问题
I have trained my own word2vec model in gensim and I am trying to load that model in spacy. First, I need to save it in my disk and then try to load an init-model in spacy but unable to figure out exactly how.
gensimmodel
Out[252]:
<gensim.models.word2vec.Word2Vec at 0x110b24b70>
import spacy
spacy.load(gensimmodel)
OSError: [E050] Can't find model 'Word2Vec(vocab=250, size=1000, alpha=0.025)'. It doesn't seem to be a shortcut link, a Python package or a valid path to a data directory.
回答1:
Train and save your model in plain-text format:
from gensim.test.utils import common_texts, get_tmpfile
from gensim.models import Word2Vec
path = get_tmpfile("./data/word2vec.model")

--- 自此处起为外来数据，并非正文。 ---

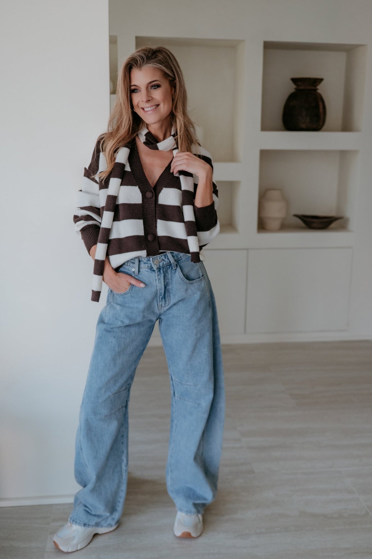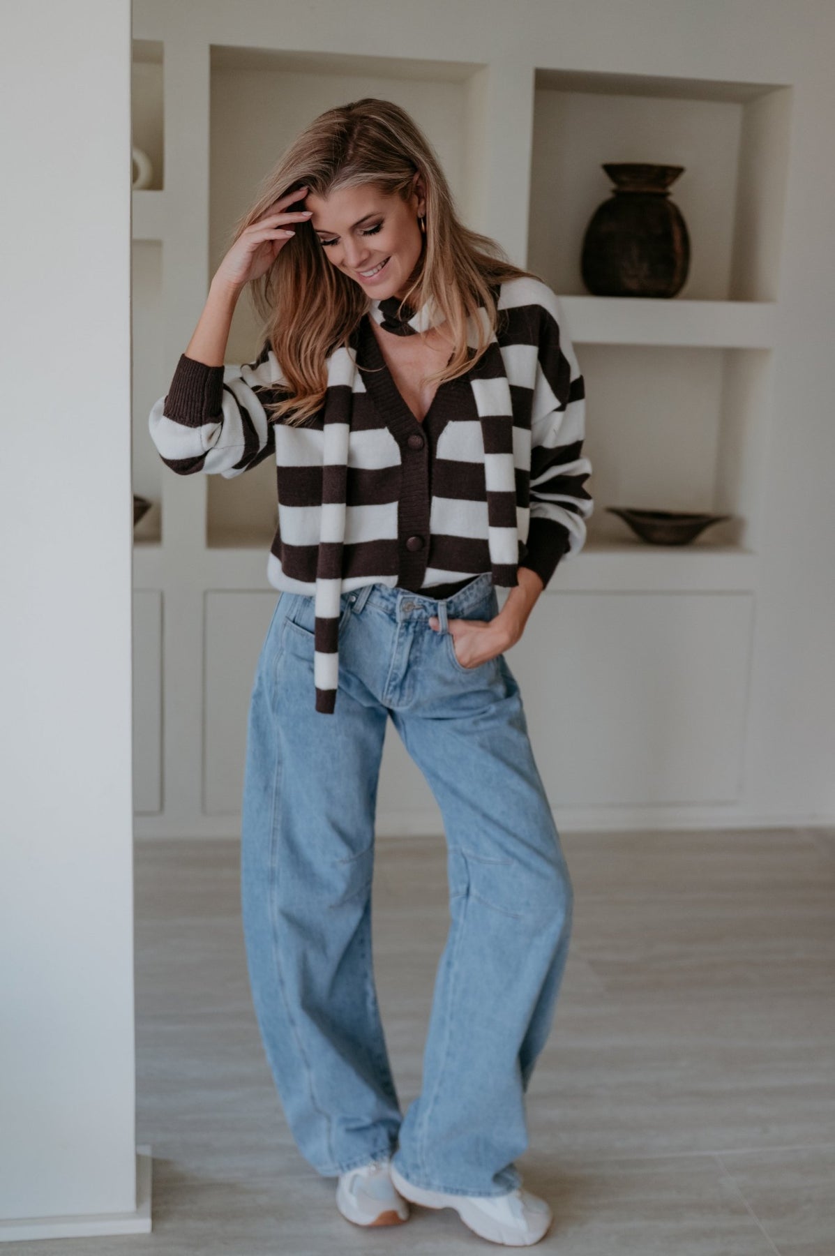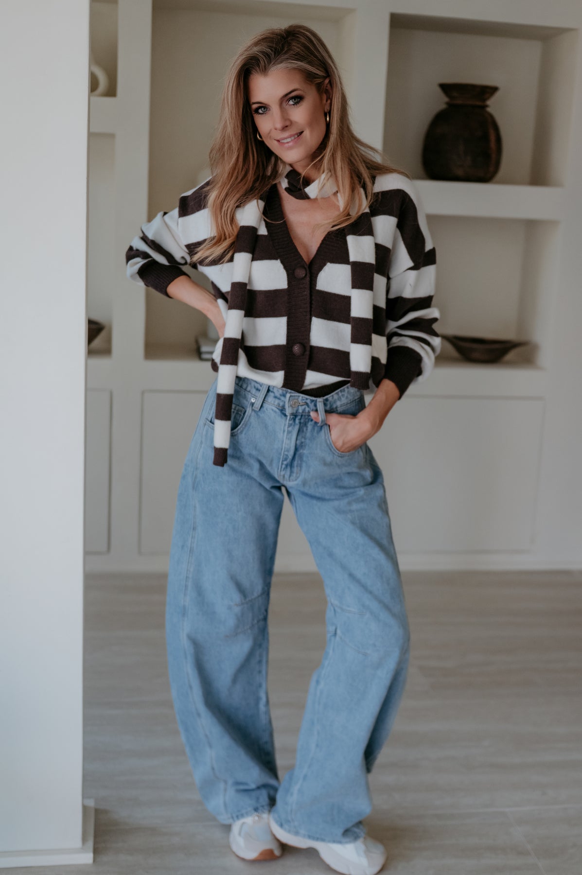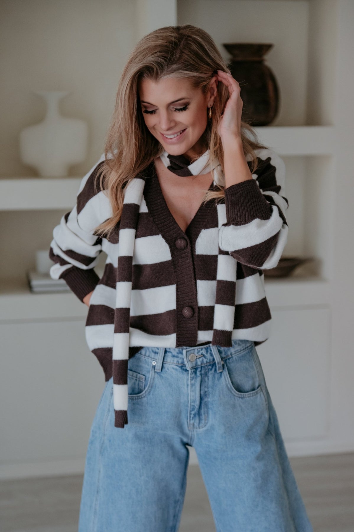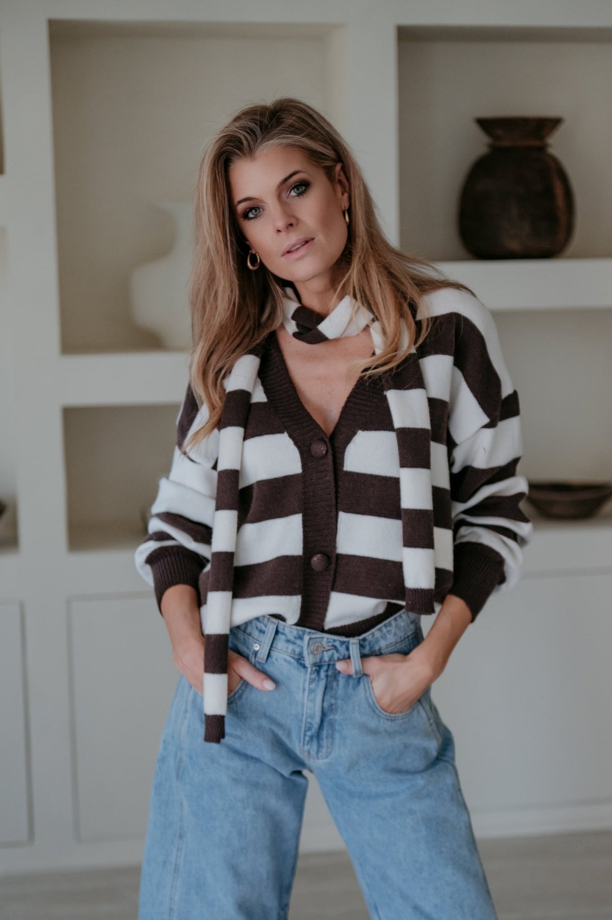 Deze prachtige cardigan met V-hals en strepen is een echte eyecatcher.

model = Word2Vec(common_texts, size=100, window=5, min_count=1, workers=4)
model.wv.save_word2vec_format("./data/word2vec.txt")
Gzip the text file:
gzip word2vec.txt
Which produces a word2vec.txt.gz
file.
Run the following command:
python -m spacy init-model en ./data/spacy.word2vec.model --vectors-loc word2vec.txt.gz
Load the vectors using:
nlp = spacy.load('./data/spacy.word2vec.model/')
回答2:
As explained here, you can import custom word vectors that trained using Gensim, Fast Text, or Tomas Mikolov's original word2vec implementation, by creating a model using:
wget https://s3-us-west-1.amazonaws.com/fasttext-vectors/word-vectors-v2/cc.la.300.vec.gz
python -m spacy init-model en your_model --vectors-loc cc.la.300.vec.gz
then you can load you model, nlp = spacy.load('your_model')
and use it!
Also see the similar question that answered here.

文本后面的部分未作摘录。